Taking out a traditional mortgage on your home might hurt you more than it helps you when you retire. You have to consistently make payments toward the mortgage balance, which means you have an extra ongoing bill to pay. A reverse mortgage works in a different way and is specifically designed to ease retirement-related financial worries. This is how it works.
The Reverse Mortgage Repayment System Difference
The first thing to know about a reverse mortgage is the repayment system is vastly different from that of a standard home mortgage. Rather than you being issued ongoing mortgage bills to pay, you have financial freedom for many years. No repayment is immediately necessary.

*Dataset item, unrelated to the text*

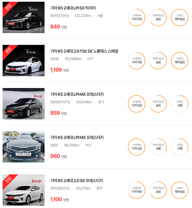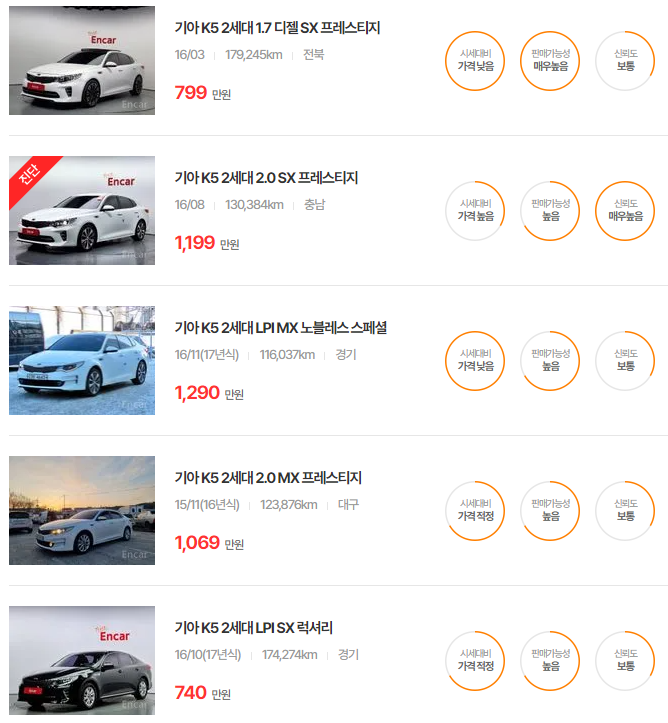 - 엔카: 다양한 브랜드와 모델의 매물이 많아 선택의 폭이 넓습니다.

Since you do not have to repay any part of a reverse mortgage right away, you may be wondering when you do have to pay it back. The answer is whenever you want to, as long as you do not violate the terms of the agreement. Those terms are established when you sign the loan paperwork. For example, all reverse mortgages require the home to be the main residence of the applicant. The applicant must also agree to stay in the home for as long as the loan agreement exists.
Stipulations Regarding Spending Your Reverse Mortgage Money
Very few stipulations exist regarding how you can spend your reverse mortgage money. Typically, reverse loan rates are established and then money is doled out to you. Then you can use it for anything you want. Possible purposes might range from padding an emergency fund to going on vacation. You could also use the money for everyday needs like payment of monthly bills.

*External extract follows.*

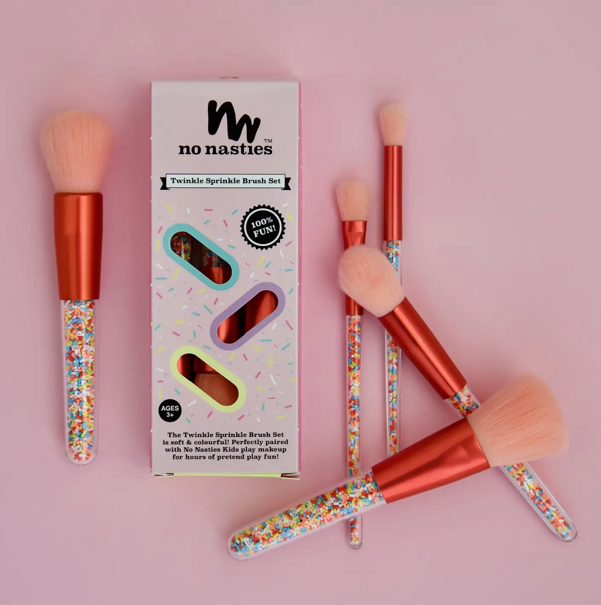 The twinkle sprinkle brush set includes 5 soft, hypoallergenic, vegan, and cruelty-free brushes. Sprinkle-filled handles make them bright, happy, and easy to spot under a pile of discarded toys.

The Major Exception to That Rule
The major exception to the rule that you can spend your money as you see fit occurs if you already have a standard mortgage when you apply for a reverse mortgage. Having the former does not prevent you from qualifying for the latter. However, you cannot keep both agreements active at the same time on a long-term basis. You must pay the first mortgage balance owed in full before spending the remaining reverse mortgage funds as you please.
Applying for Government Created Reverse Mortgages
When looking into reverse mortgage sources, you can find them offered by local lenders. However, they are also frequently provided by government agencies. If you approach a government agency to apply for a reverse mortgage, you may find it is referred to as a “home equity conversion mortgage.” The abbreviation for a home equity conversion mortgage is “HECM.” It is very much like a reverse mortgage, but it is insured federally.
How to Make Sure You Can Get a Reverse Mortgage
If you are at least 62, you can almost certainly qualify for some type of reverse mortgage. The requirements are not particularly lengthy. However, you do have to own the home. You also have to live in it on a full-time basis. When you apply, you may also need to undergo a credit check. That helps to ensure you can afford to pay taxes and other fees associated with continuing to own the home for as long as the loan lasts.
Making Your Reverse Mortgage Fit You
If you do apply for a reverse mortgage, make sure it fits you. Specifically, set up the terms by which you will receive funds to supply you with the most benefits. For example, if you need help paying regular bills you might want to receive ongoing smaller checks. However, if you have a large medical bill to cover, a one-time large payment might help you more. A line of credit is a third option and the most flexible choice.
The Final Reverse Mortgage Analysis
What the decision to get a reverse mortgage or not comes down to is your personal situation. The biggest decision to make is how long you want to stay in the home. If you have no plans to move, a reverse mortgage might be ideal for you. You also need to have a plan for eventual repayment or be willing to let the home be sold, as opposed to keeping it in your family.